0

I firstly use L.LSTM , then I found this NStepLSTM, which is uncovered part of offical tutorial document. https://docs.chainer.org/en/stable/reference/generated/chainer.links.NStepLSTM.html?highlight=Nstep

  1. Why does chainer.links.NStepLSTM or chainer.links.NStepBiLSTM not have reset_state? how to reset_state?

  2. is it pass a list of sequences(each is one sequence chainer.Variable, e.g. one article contains multiple words is one Variable)? Is this class purpose is to deal with vary length sequence?

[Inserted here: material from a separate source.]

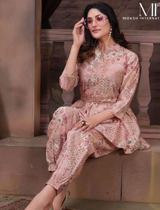 Blossom Delight Women Premium Chanderi Export Quality Print Ensemble Co-ord Set

  3. can we use truncate BPTT to save memory in chainer.links.NStepLSTM ? how

machen
  • 283
  • 2
  • 10

1 Answers1

0

1. NStepLSTM gets a batch of sequences and returns a batch of output sequences, though LSTM gets a batch of words. You don't need to use for-loop to use NStepLSTM. NStepLSTM uses cuDNN, that is a library NVIDIA provides, and is very fast. NStepLSTM does not have a state. If you want to chain NStepLSTMs, use outputs of NStepLSTM. See seq2seq example: https://github.com/chainer/chainer/blob/master/examples/seq2seq/seq2seq.py

2. Yes. It gots such as a batch of sequences of embed vectors created from sentences. You can use sequences with different lengths. See seq2seq example. Note that L.NStepLSTM can get a sequence of sentences, but F.NStepLSTM can get transposed sequences. I mean it can get a sequence of batches of words. Actually L.NStepLSTM calls F.transpose_sequences and F.NStepLSTM in its implementation.

3. Sorry it is difficult. As I said, NStepLSTM is a wrapper of cuDNN's RNN library.It does not support BPTT. Of course you can split sentences and call NStepLSTM twice.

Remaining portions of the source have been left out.